Meteor Lake will use Intel’s Foveros 3D packaging tech, just as we saw with the Lakefield processors. However, this will be Intel’s first foray into high-volume manufacturing with this leading-edge packaging tech.
Intel will connect the four die (called ’tiles’ in Intel parlance) to an interposer through TSV connections. Intel hasn’t disclosed if this interposer will be active or passive or if it will hold caches or other control circuitry. Intel will mount four tiles atop this interposer: the compute tile, I/O tile, SOC tile, and graphics tile.
Intel has specified that compute tile will use I4 but hasn’t said which nodes it will use for the other tiles. During its Analyst Day earlier this year, the company shared the slide in the above album that lists TSMC’s N3 (3nm) node with the Meteor and Arrow Lake processors. This is largely thought to comprise the graphics tile. Time will tell.
As with Alder Lake, the Meteor Lake chips have an x86 hybrid architecture. In this case, we have six p-cores and eight e-cores. The exploded view of the compute die shows us six blue-colored performance cores (p-cores), used for latency- and performance-sensitive work, on the left of the die. To the right, we see two four-core clusters of efficiency cores (e-cores) in purple. These cores step in for background and multi-threaded tasks. The center of the chip contains the L3 caches and interconnect circuitry. Intel has yet to provide a further description of the differences between the SoC and I/O tiles, with the former a likely candidate for memory controllers and PCIe interfaces, while the latter could be for Thunderbolt and other PCH-types of interfaces.
Intel isn’t giving us much to work with here, but the company shared far more expansive details on the I4 process node that makes the compute die tick.
Intel 4 Process Node
As a quick reminder, Intel recently renamed its process nodes to have a more uniform naming convention that aligns with its primary competitors (third-party foundries TSMC and Samsung). Intel’s current flagship process node, Intel 7, used to be called 10nm. Additionally, the I4 node used to be referred to as 7nm. We’ll stick with the current naming scheme so there’s no (or at least less) confusion.

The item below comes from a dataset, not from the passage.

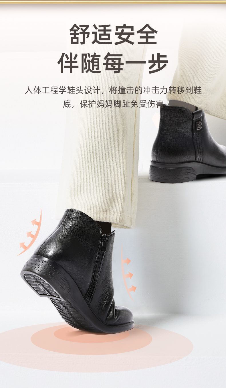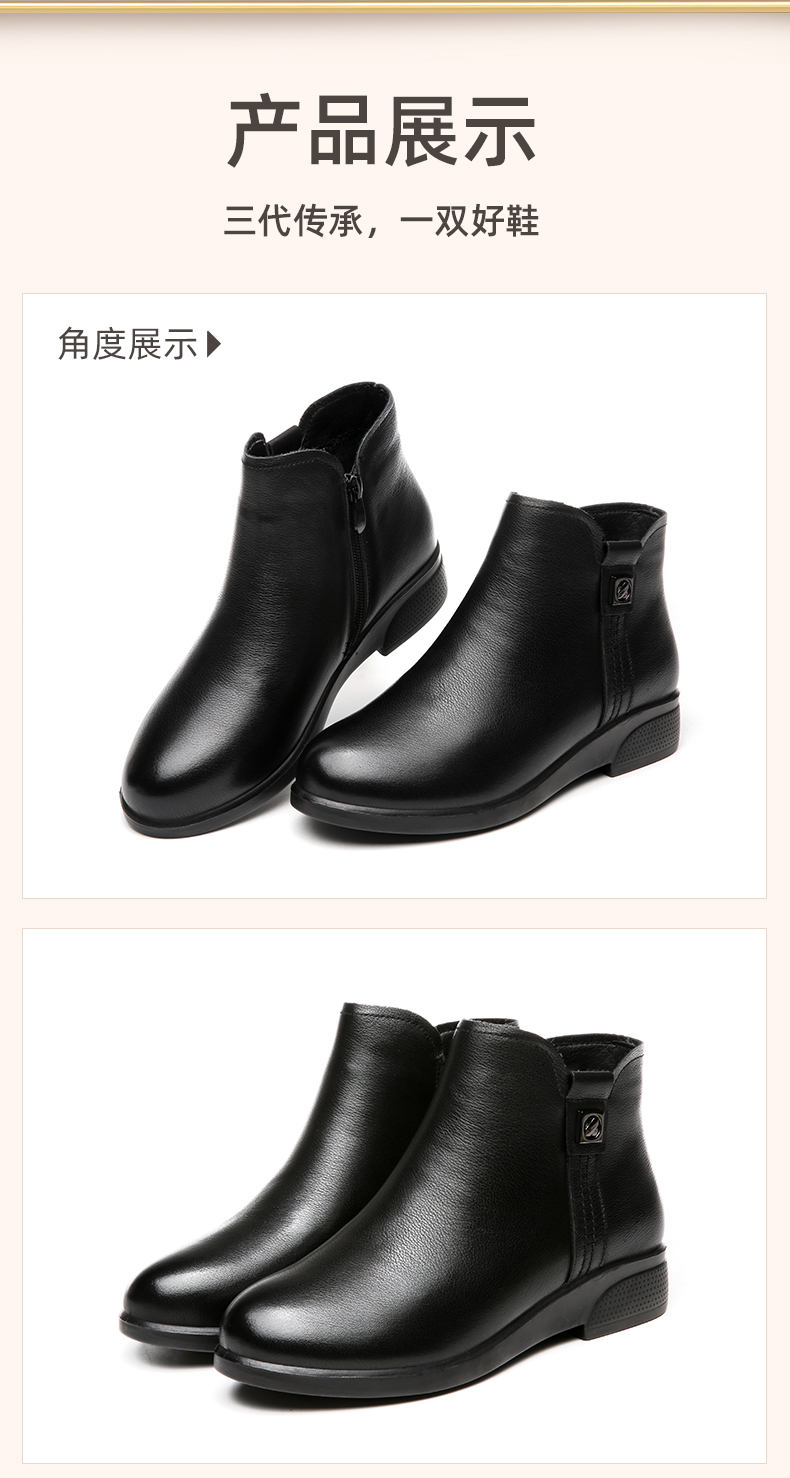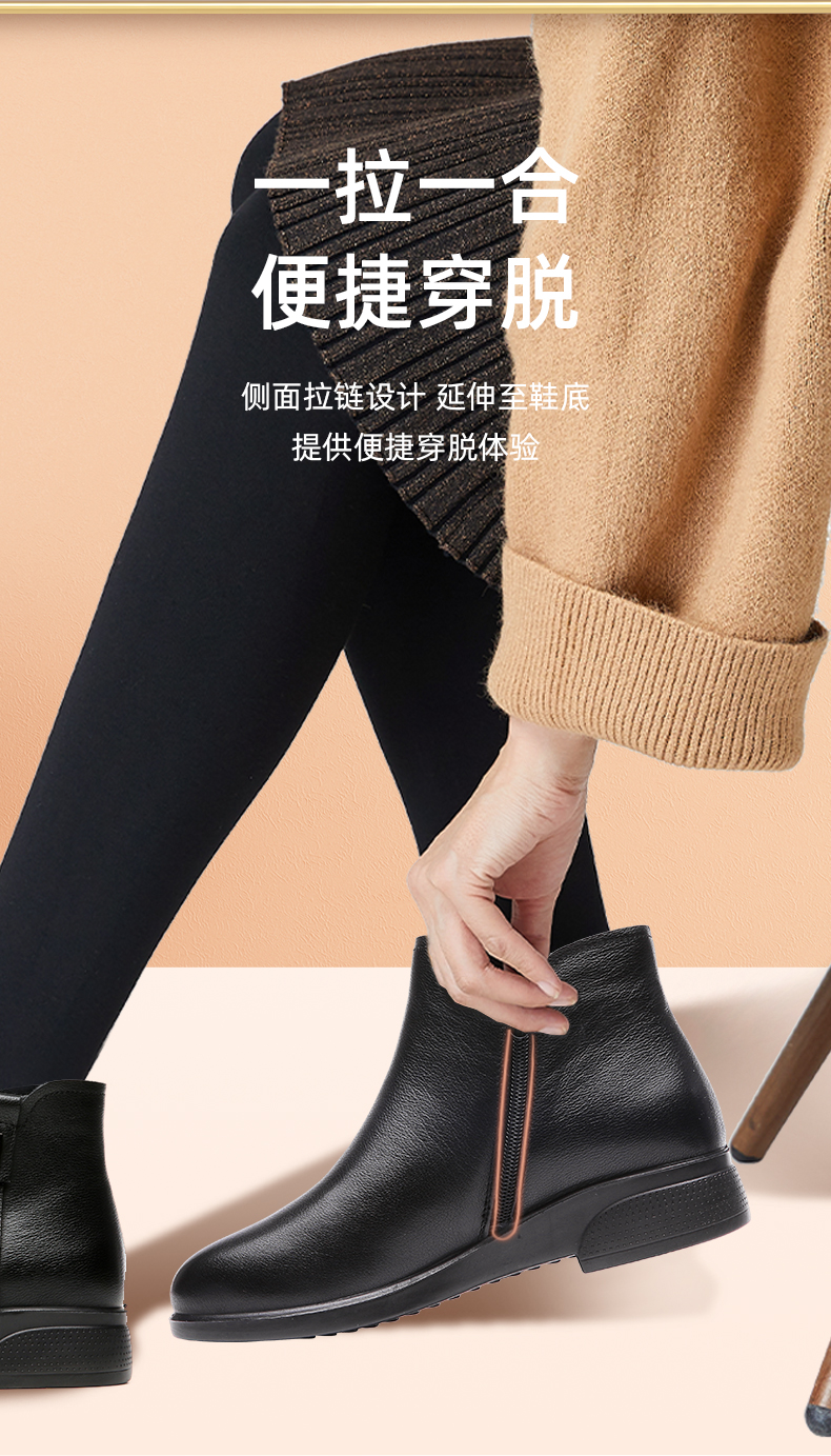 信诺加绒妈妈保暖棉鞋女2020新款冬季真皮女鞋中老年皮毛一体短靴20M833-23

Intel, like its competitors, usually bakes two versions of each process node — a high-density library that looks to squeeze in the most transistors as possible at the expense of performance, and a high-performance library that trades off some transistor density to provide more performance. Naturally, Intel and its competitors always refer to the high-density library for the density metrics they use in marketing. Still, most of the flagship high-performance chips you see on the market actually use the less-dense library.

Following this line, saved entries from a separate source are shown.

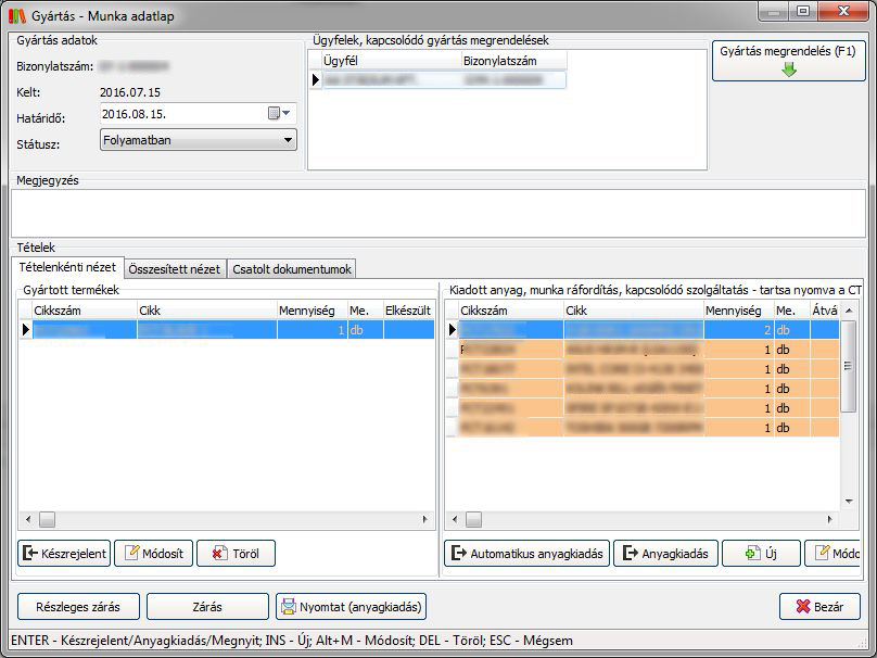 Az Europroof© ügyviteli rendszer Gyártás+TMK modulja a vállalkozás gyártói folyamatainak adminisztrálása, ütemezése a megrendeléstől a készrejelentésig, valamint a vállalati eszközpark tervezett és rendkívüli karbantartásainak menedzselése.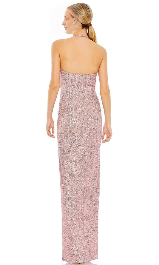Formal Women's Dresses Halter Neck Sequined Evening Dress With Slit Floor Length Prom Dress / Stores With Prom Dresses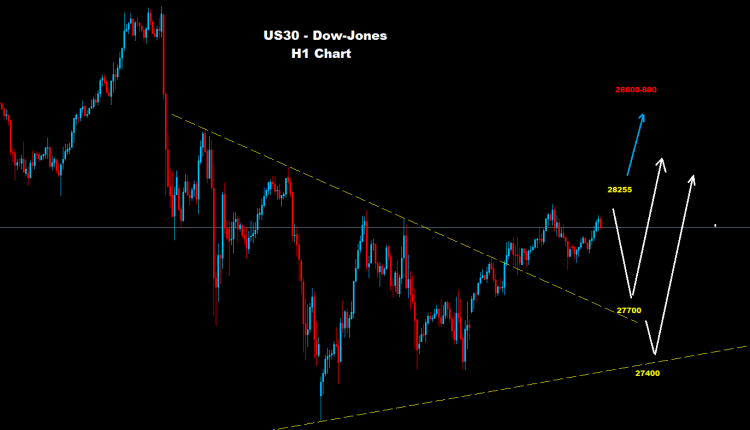 نجح مؤشر الداو بالحفاظ على تداولاته فوق مستويات الدعم 400-27300 حيث تمكن من الصعود وضرب بضع نقاط فوق حواجز 28200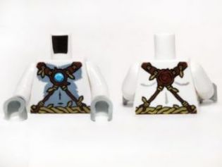 Torso Bare Gray Chest, Rope and Vine Belt and Necklace with Blue Round Jewel (Chi) Pattern / White Arms / Light Bluish Gray Hands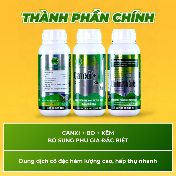 Kẽm (Zn) 30.000 ppm, Bo (B) 1.000 ppm, Canxi vi lượng, phụ gia đặc biệt CA* . Nguyên liệu nhập khẩu cao cấp. Hàm lượng vượt trội.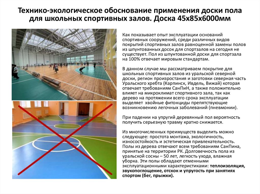 Технико-экологическое обоснование применения доски поладля школьных спортивных залов. Доска 45х85х6000мм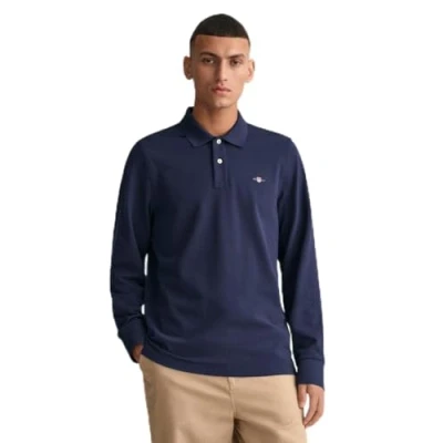 Gant Mens Regular Fit Long Sleeve Shield Logo Pique Rugger Dark Blue Cotton Size X Large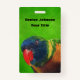 This name or identification badge has the head and face of a bright colourful macaw Parrot whose feathers are blue, green, yellow and orange on a green backgroun. Back is same green background. Customize your name and information with the templates.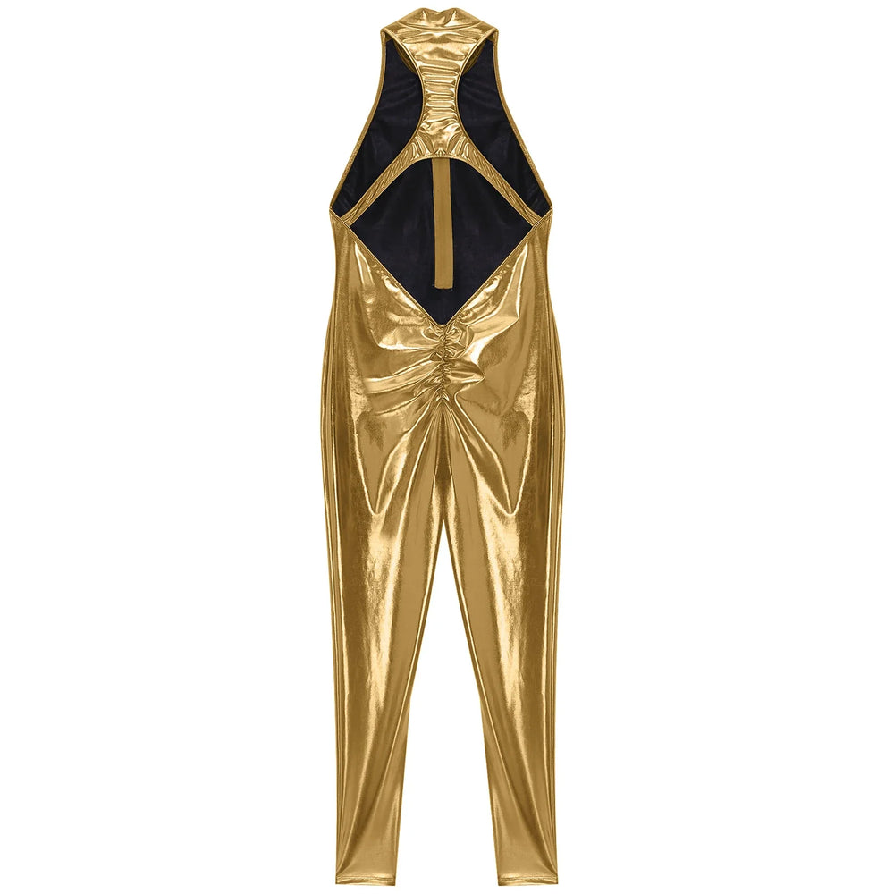 Crafted from a scintillating blend of polyester and spandex, this bodysuit clings like a glamorous second skin, accentuating every curve and muscle with its reflective metallic sheen. As you move, so does the sparkle, mirroring the disco balls of the wildest parties of the past and infusing your every step with an electric charge of allure and charisma.

Quite surprisingly, Intel isn’t creating a high-density library for its I4 node. Intel hasn’t explained why; instead, it simply said it will focus solely on performance products for I4. Intel hasn’t given any technical reasons for excluding a high-density library from this process node, but it will likely result in some speculation. Notably, Intel recently announced that it would delay its Granite Rapids Xeons from 2023 to 2024 due to switching the design from I4 to I3 — perhaps this is to take advantage of a working high-density library for some of the products.
The I4 node is forward compatible with I3, so designs can be moved between the two without going through the usual time-consuming steps of porting an architecture. Intel says that I4’s successor, ‘Intel 3,’ will come with both high-performance and high-density libraries. The I3 process will also have enhanced transistors and interconnects, along with more EUV layers to further simplify the design. The I3 node will be the first offered to Intel’s customers through its Intel Foundry Services (IFS).
After I3, Intel will move to the angstrom era with the 20A and 18A nodes, both of which will introduce even more exotic new tech, like new RibbonFETs (gate all around/nanosheet) and PowerVia (backside power delivery) tech. Intel isn’t sharing specific transistor density metrics yet, instead giving us a basic claim of 2X scaling (much more on that topic below). However, the company says it will share an MTr/mm^2 (mega-transistor per squared millimeter) transistor density metric in the future, and that I4’s transistor density generally tracks with the 2x area scaling. As such, we use an extrapolated transistor density in the above table (source). These numbers are estimates, but it appears that I4’s transistor density will land between TSMC’s high-performance N5 and N3 libraries. Intel 4 (I4) promises a 21.5% improvement in frequency at the same power as the previous-gen I7 process, or 40% less power. As mentioned, Intel claims a 2x area scaling improvement over I7, which comes as the culmination of several technologies.
The I4 node is Intel’s first node to extensively use EUV lithography to simplify manufacturing, and we can see the results in the second and third slides in the above album. Intel’s previous-gen process requires multiple immersion lithography steps to process some layers of the stack, but EUV allows the company to use one exposure to etch a single pattern. This reduces the number of steps in the process flow by 3 to 5x for that portion of manufacturing.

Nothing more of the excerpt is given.